La fosa de las Marianas es la cicatriz más honda del suelo marino. Llega a sumergirse 11.034 metros, pero este número no significa mucho, pues los cerebros humanos son bastante torpes a la hora de visualizar grandes cantidades. Cuando trato de imaginar los océanos abismales, las estrofas de otra Mariana aparecen:Como la enamorada de un marinero loco/ que navegara eterno sobre una barca vieja, / acecho un mar oscuro, sin fondo ni oleaje…” Pero como luego se declama en la obra de Lorca, “No es hora de pensar en quimeras, que es hora/ de abrir el pecho a bellas realidades cercanas” y así, si digo que la fosa de las Marianas es más profunda de lo que el Monte Everest es alto, entonces nos acercamos a la comprensión. No obstante, si proclamo que el Monte Everest sólo tiene 60 millones de años existiendo mientras que las fosas de las Marianas cumplen 180 millones, los números se vuelven a reducir a sí mismos. Extrañísimo cómo podemos escribir semejantes cantidades con tanta facilidad sin nunca llegar a comprender la magnitud de su expansión. El signo lingüístico de tiempo posee un significante bastante claro, más un significado muy escurridizo. Todavía me resulta más alucinante que hayamos pretendido capturar a un valor tan indomable en una palabra de cuatro sílabas: in-fi-ni-to.
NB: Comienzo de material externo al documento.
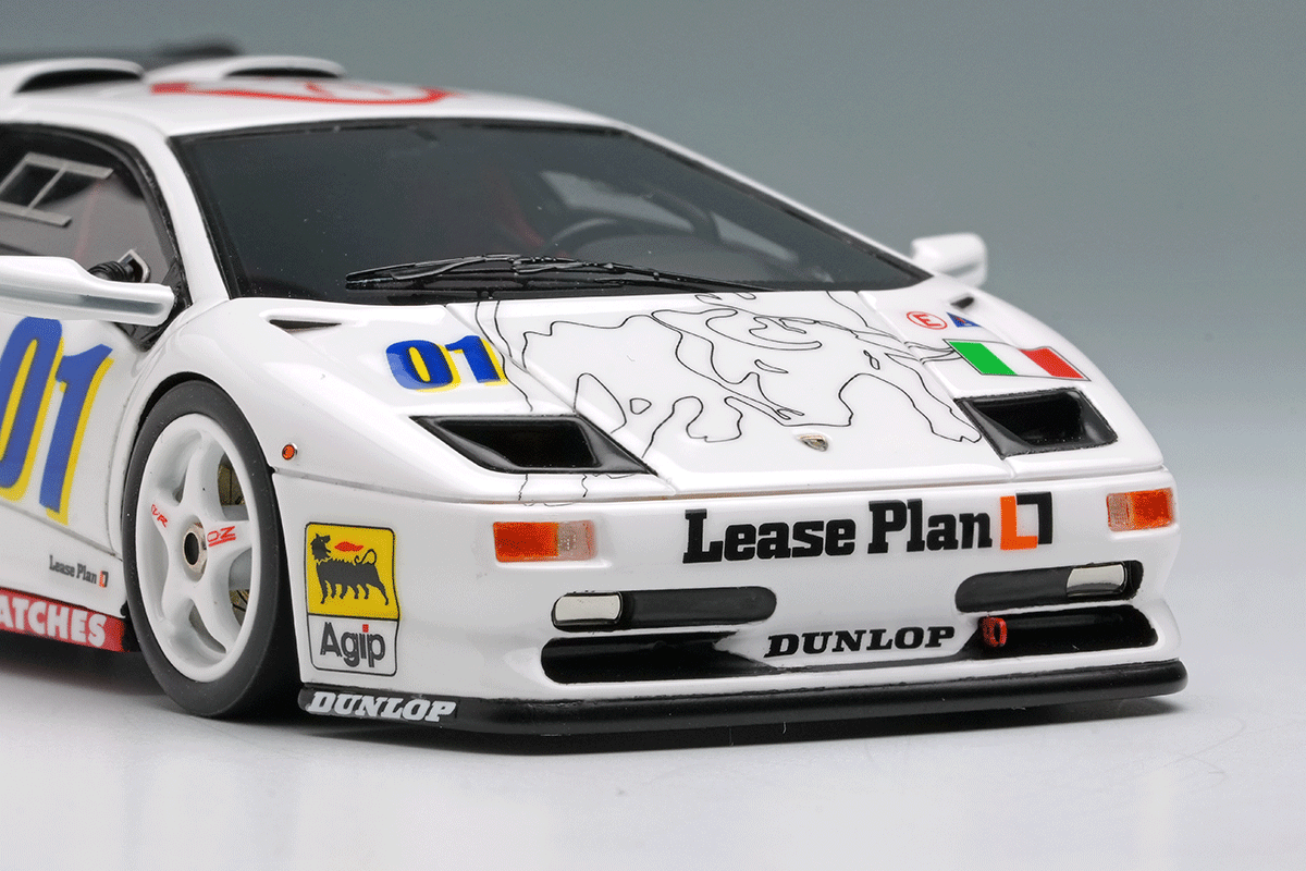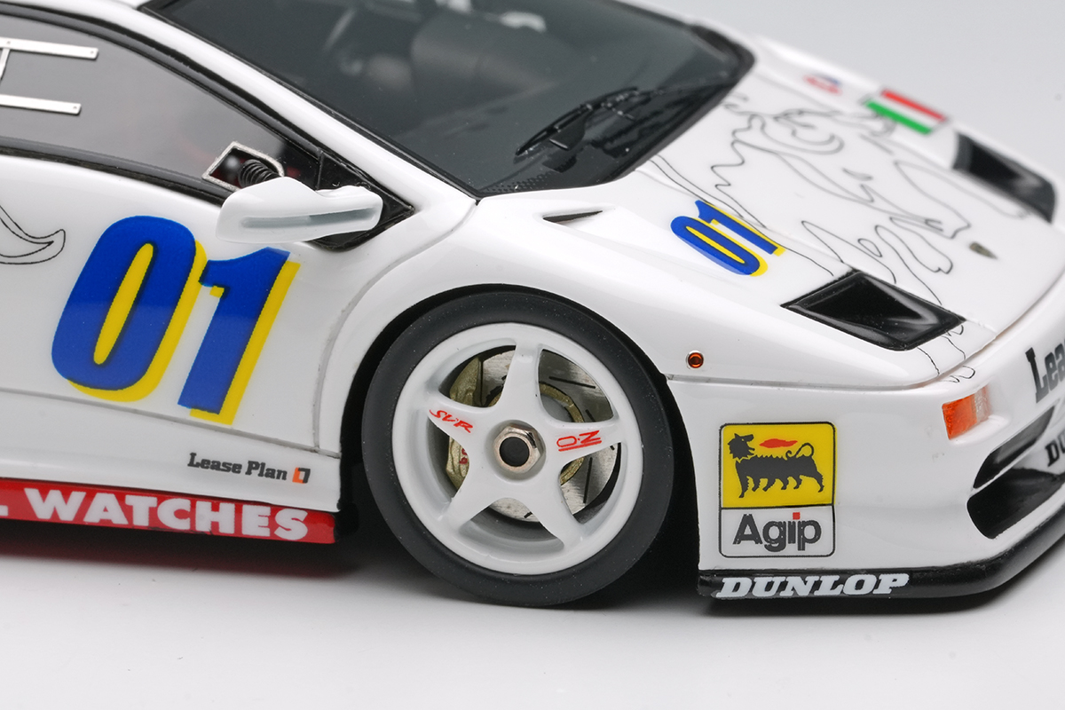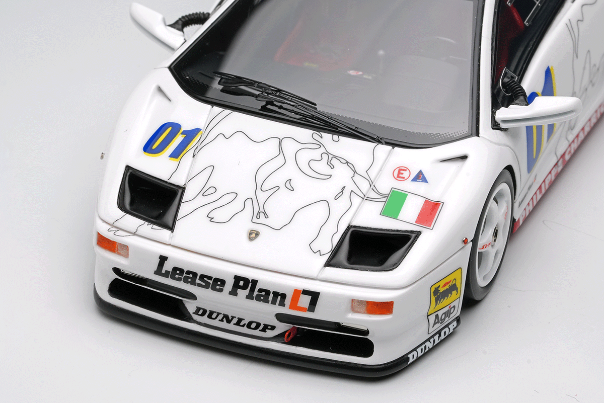 ランボルギーニ ディアブロSVをベースに軽量化などを施された「ランボルギーニ ディアブロ SVR」を忠実に再現したモデルです。今回のモデルはプロモーション時に貼られていたワンメイクレースのスポンサーロゴを追加した仕様になります。
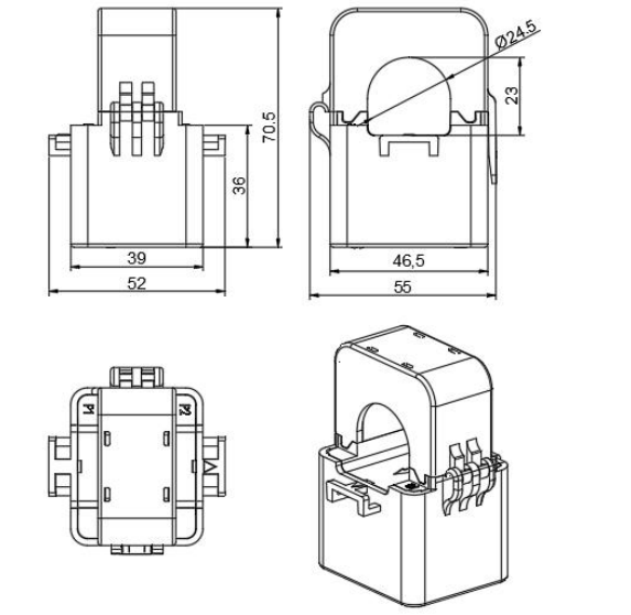 产品外形美观,安装、接线方便,主要用于电力运维及用电改造项目,一般输出为毫安级小电流信号,具有体积小、精度高、带载能力强、安装方便等优点。

El que el Monte Everest sea bastante joven parece echarnos en cara el dicho “la fe mueve montañas” porque, en realidad, estas no son tan consistentes como el sentido común quiere creer, es decir, las montañas altas son las más nuevas debido a que son relieves recientes y poco erosionados, lo contrario ocurre con las antiguas. Rara vez los fenómenos de la naturaleza se alinean con nuestros valores y entendimientos, pero no por eso dejamos de hurgar entre ellas salvaciones y respuestas.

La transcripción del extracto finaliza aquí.